*Prompt:* Please return the full listing word for word, leaving out any pictures.
### Supplied material
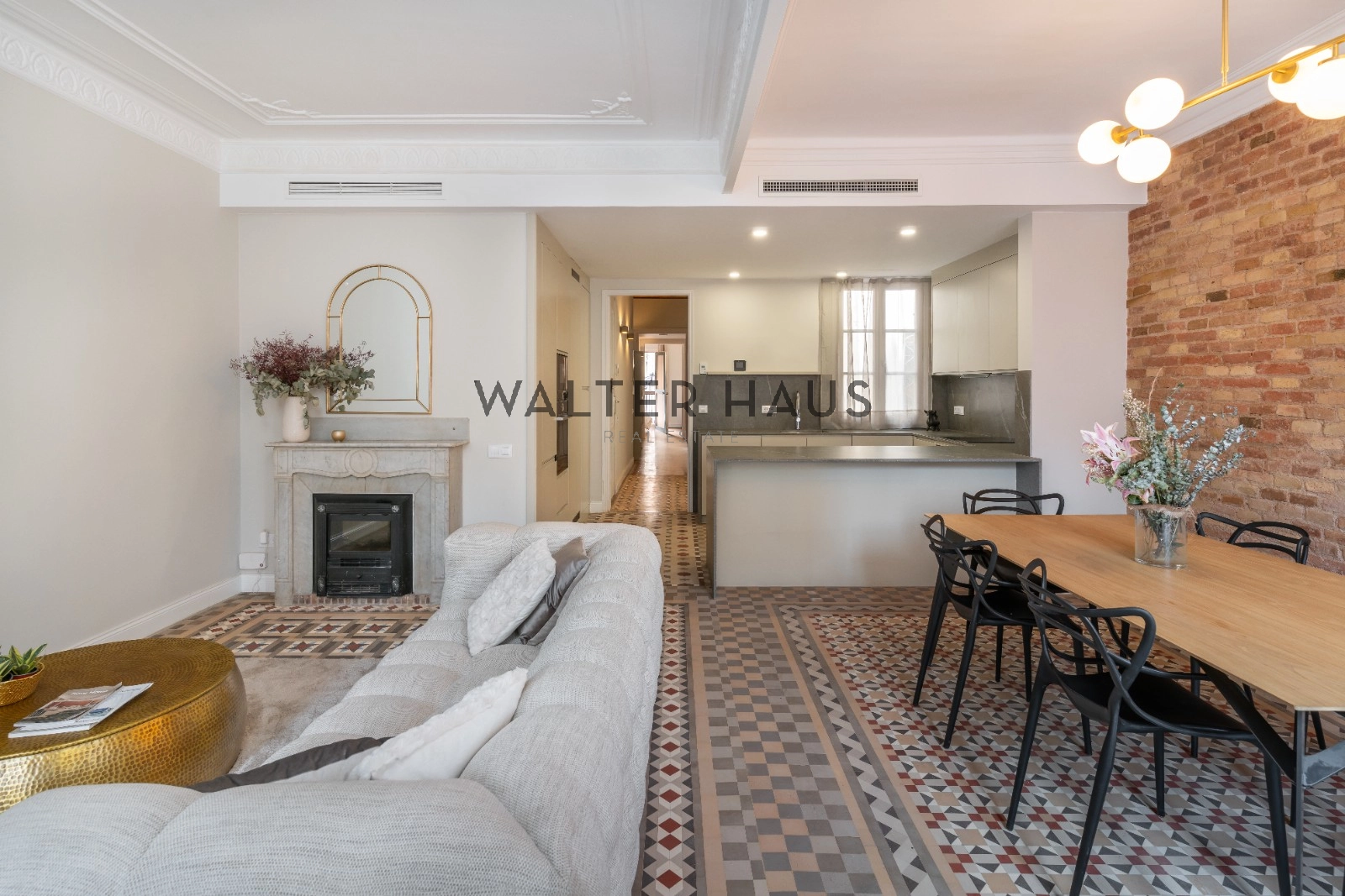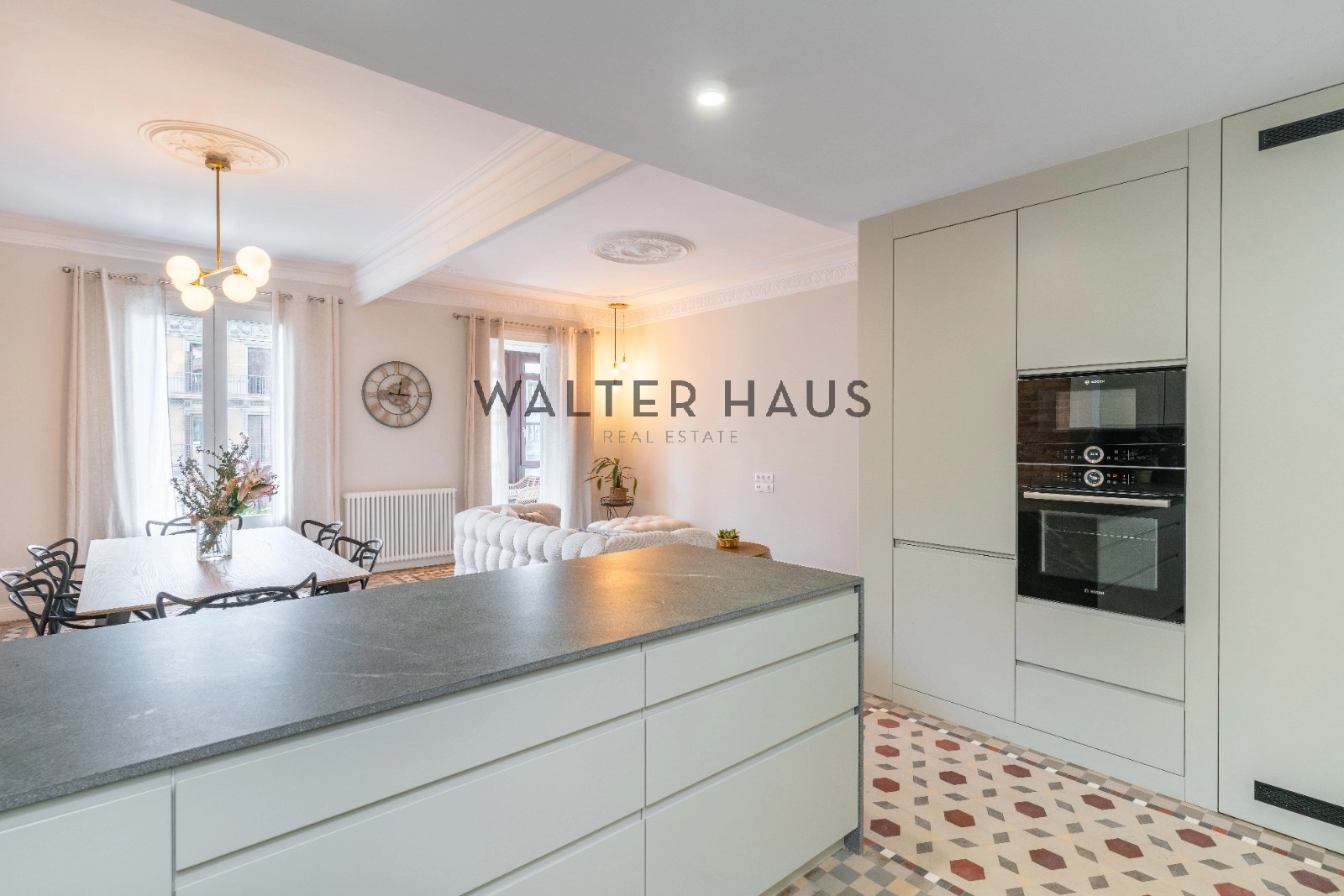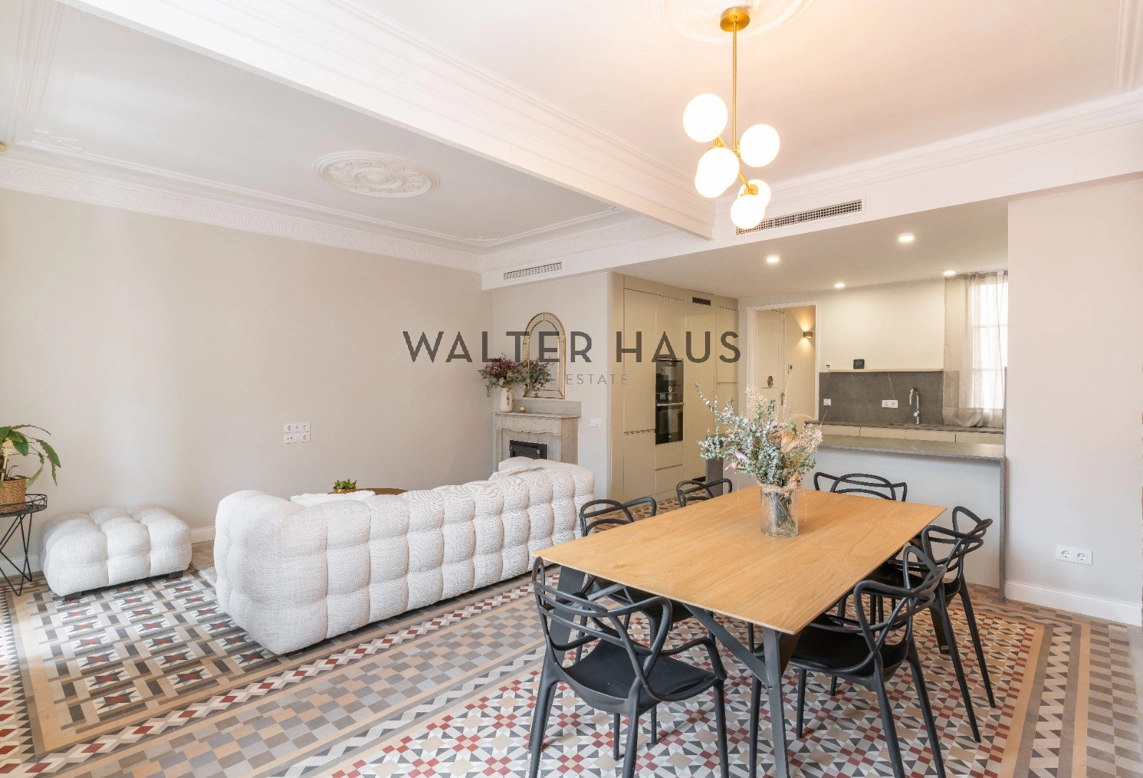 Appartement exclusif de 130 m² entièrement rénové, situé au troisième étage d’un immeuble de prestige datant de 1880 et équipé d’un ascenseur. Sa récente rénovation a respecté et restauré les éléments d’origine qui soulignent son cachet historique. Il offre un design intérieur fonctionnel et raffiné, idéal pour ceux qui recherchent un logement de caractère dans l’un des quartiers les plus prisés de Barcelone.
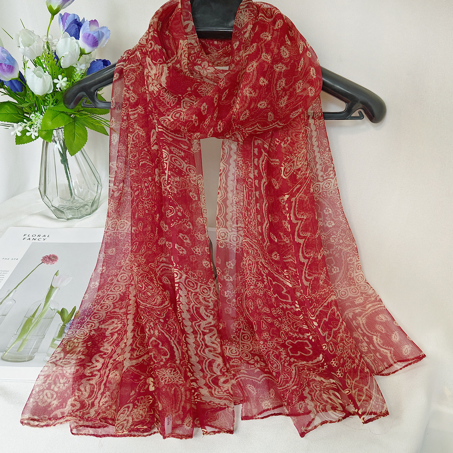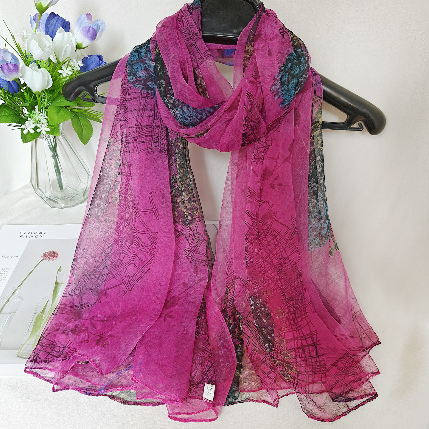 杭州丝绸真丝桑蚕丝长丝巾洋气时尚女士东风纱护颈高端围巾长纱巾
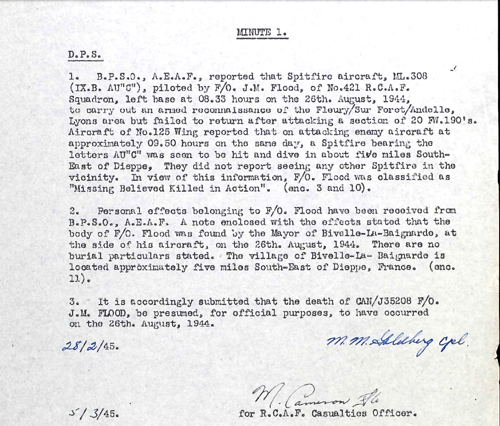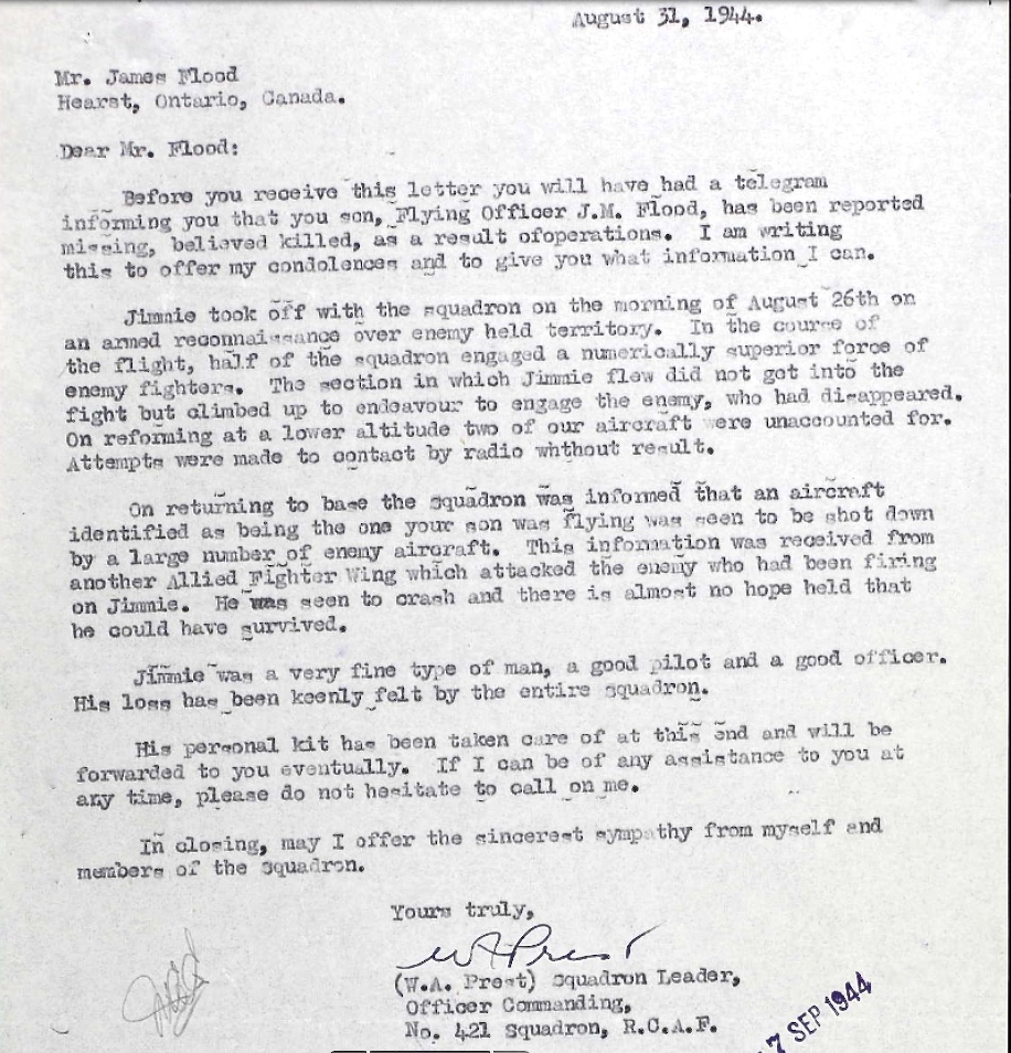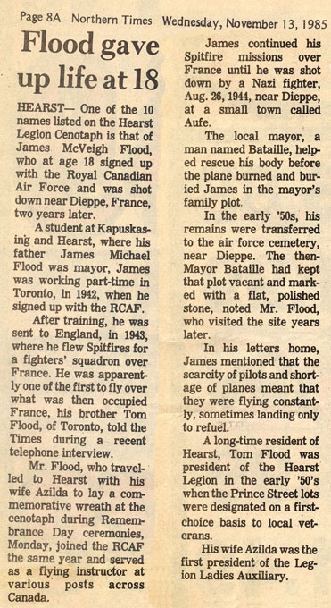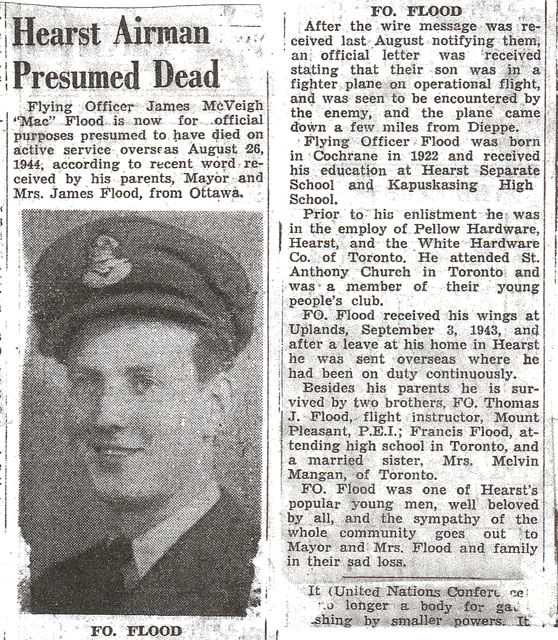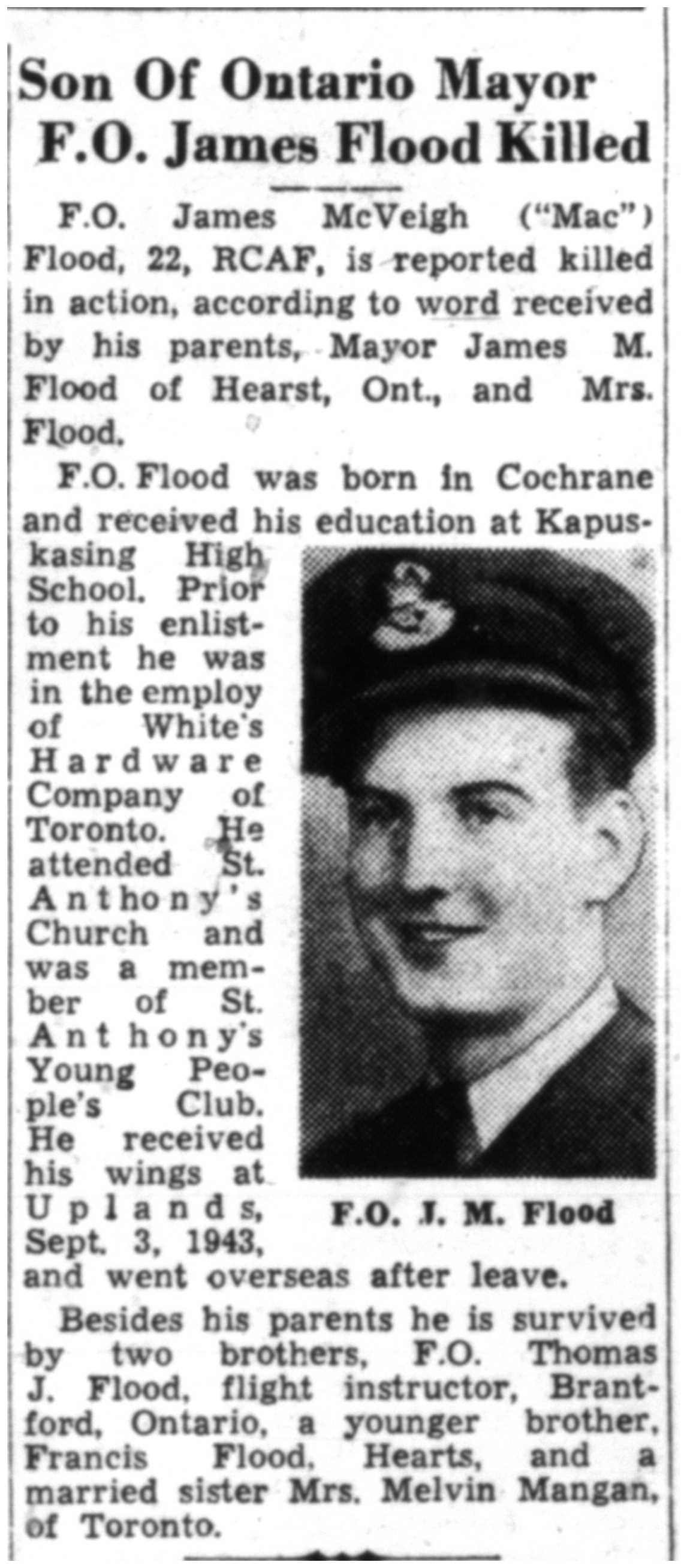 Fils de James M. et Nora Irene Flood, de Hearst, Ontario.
######
*Exercise result:*
 Appartement exclusif de 130 m² entièrement rénové, situé au troisième étage d’un immeuble de prestige datant de 1880 et équipé d’un ascenseur. Sa récente rénovation a respecté et restauré les éléments d’origine qui soulignent son cachet historique. Il offre un design intérieur fonctionnel et raffiné, idéal pour ceux qui recherchent un logement de caractère dans l’un des quartiers les plus prisés de Barcelone.
 杭州丝绸真丝桑蚕丝长丝巾洋气时尚女士东风纱护颈高端围巾长纱巾
 Fils de James M. et Nora Irene Flood, de Hearst, Ontario.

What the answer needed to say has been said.